Connecticut Cities and Towns Join Hands to Stave Off Hartford Bankruptcy Threat

by San Antonio Attorney

In an inspiring show of force, Connecticut cities and towns are now united in a regional approach to help save Hartford City from an impending bankruptcy.

In a statement to Fox 61 last Monday, Hartford Mayor Luke Bonin stressed his preference for averting a possible Chapter 9 filing, but admits that the city’s excessive reliance on property taxes as the primary source of local revenue has made the situation extremely hard.

According to Bonin, Hartford does not have assets that can be liquidated. Essentially, the city only has a lot smaller number of assets in comparison to other cities and towns.

The slump has affected the delivery of social services in the city. The first-term Mayor recognizes the city’s $50 million budget deficit has had a huge impact on the delivery of basic social services to city residents, a situation that could deteriorate further if the city gets slapped with another $50 million shortfall next year. However, Bonin remains firm in avoiding spending cuts or increasing taxes to address the shortage.
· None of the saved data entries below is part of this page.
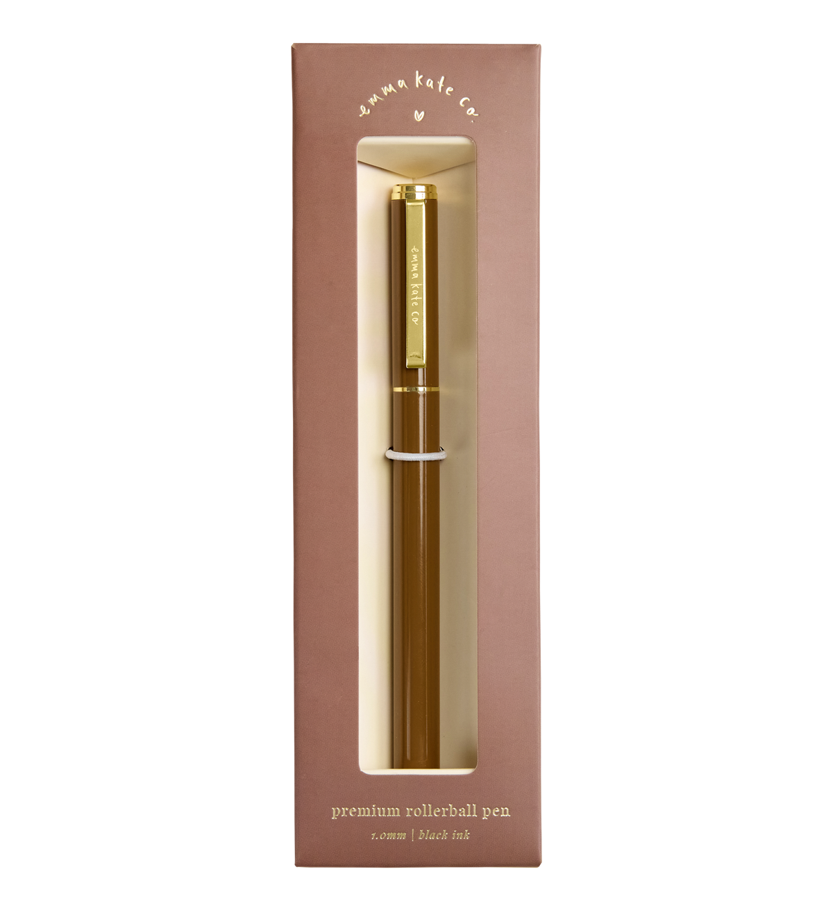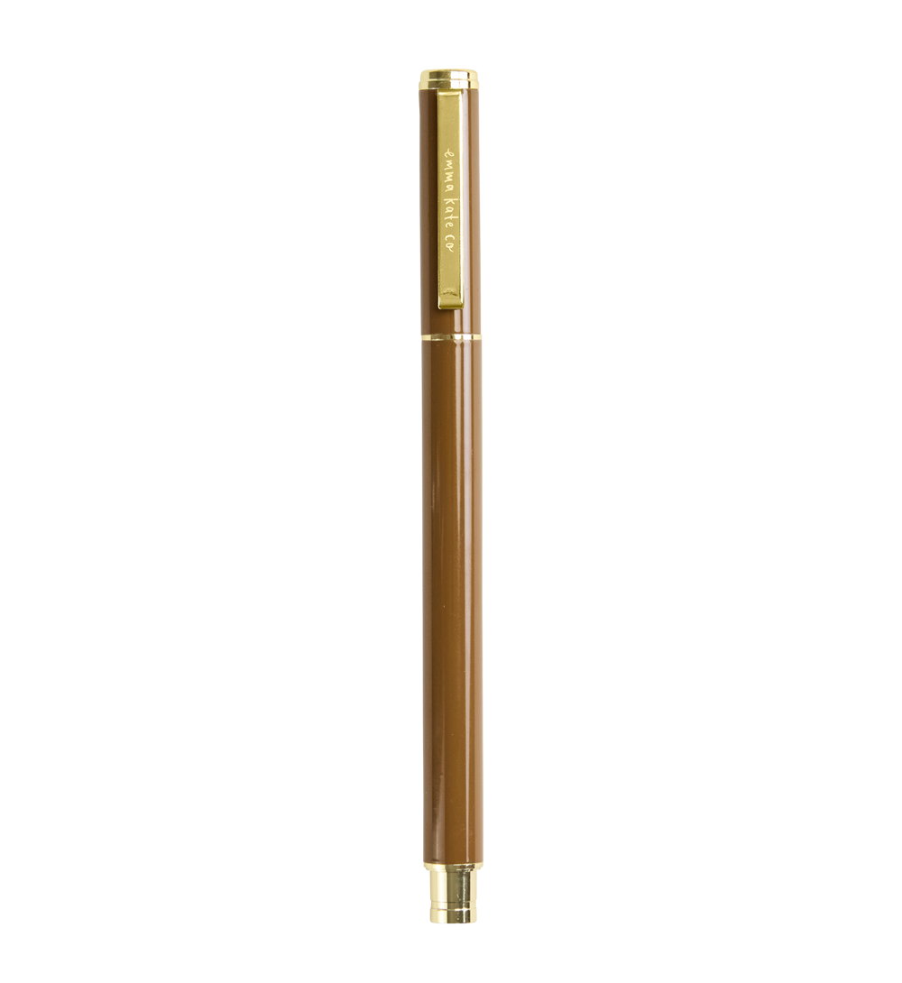 With a focus on both beauty and function, this signature pen is designed with intention and purpose. The rollerball tip writes with ease, gliding smoothly across the page without smudging or bleeding through. It’s weighted, refillable, and finished with gold metal hardware.
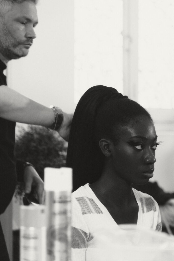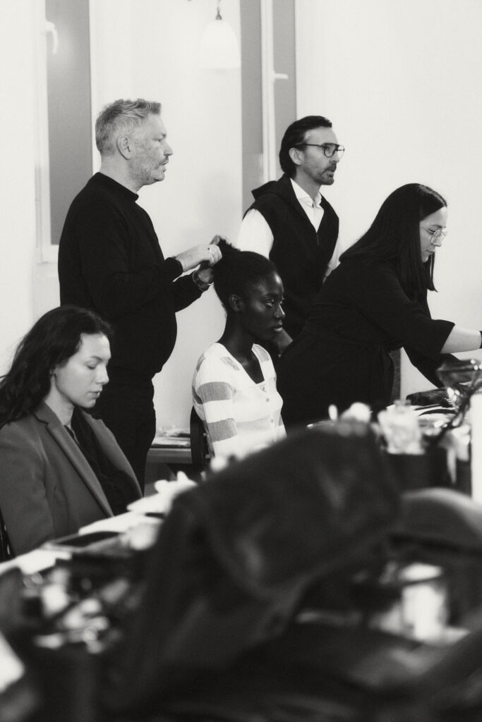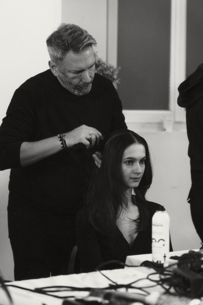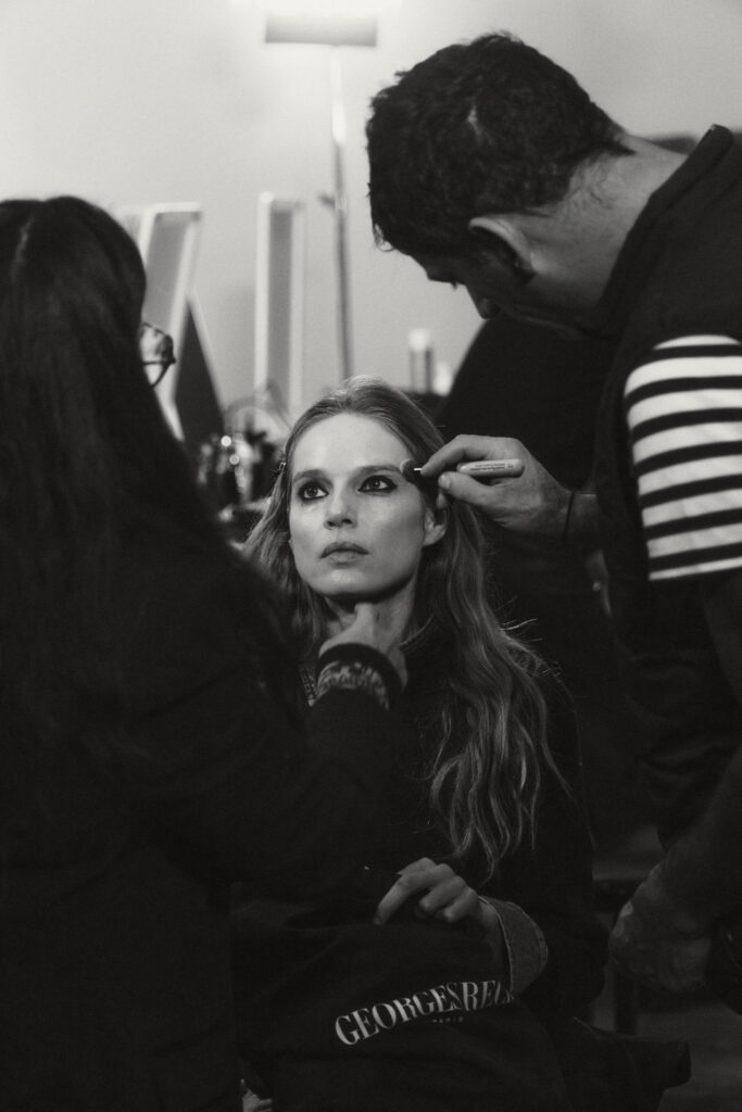 While the runway delivered a mythic spectacle of silhouettes and symphonic couture, the true pulse of Symphonie Barbare lived behind the scenes. Backstage, far from the orchestral soundtrack and the glint of runway lighting, a quieter — yet no less powerful — drama unfolded. And it is here that photographer Alexey Kostromin turned his lens.
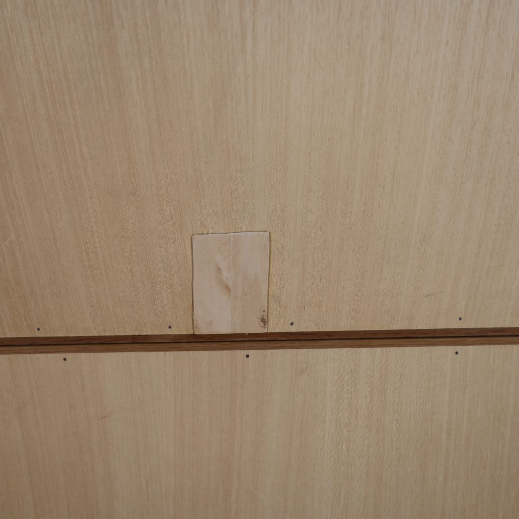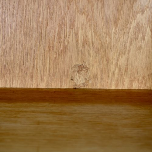 オークの明るい木目と、真っ直ぐとスッキリした取っ手。
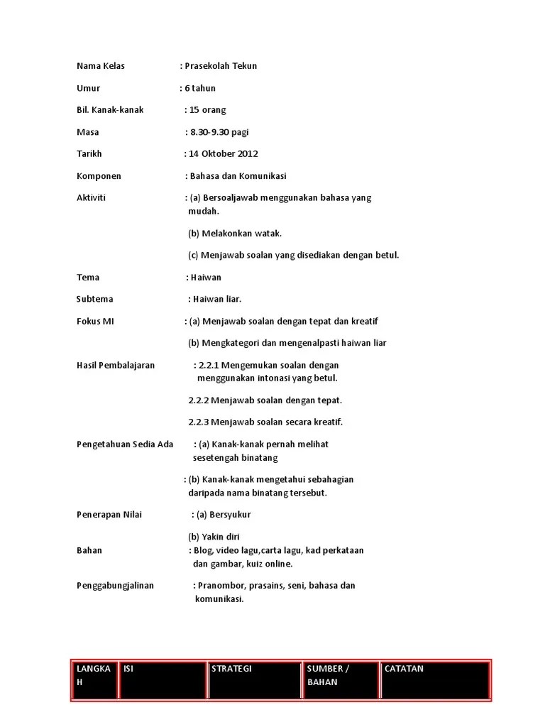 Haiwan liar rancangan pelajaran harian 2013 prasekolah tema:
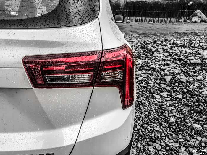 外观走的是阳刚硬汉路线,肌肉感十足;“星空点阵式”前格栅与双侧“光翼”镀铬装饰条的搭配,霸气尽显;双色车身设计,搭配悬浮式车顶, 兼具科技感与时尚感;运动规格的 18 英寸五辐式轮圈,质感强劲有力。车身侧面采用了较多的平直线条进行勾勒,贯穿车身左右的腰线在后门出进行了断开式设计,进而让整个侧面呈现出较为不错的光影效果。

On the other hand, Connecticut Conference of Municipalities member Kevin Maloney remains optimistic, saying that Hartford’s impending bankruptcy can be avoided by taking what he calls a “regional approach” to the problem.  In line with this, a board of leaders from surrounding cities like New Haven, Bridgeport, Waterbury, as well as nearby suburban towns has already been convened. The panel is set to convene once a month to iron out the implementation of the proposed regional approach.

Chapter 9 refers to a bankruptcy option that protects struggling towns or cities from ruin via a recovery plan jointly formulated by the town and its creditors. This plan outlines ways on how to help the town settle its existing financial obligations, while preventing the creditor from forcibly liquidating a struggling town’s assets.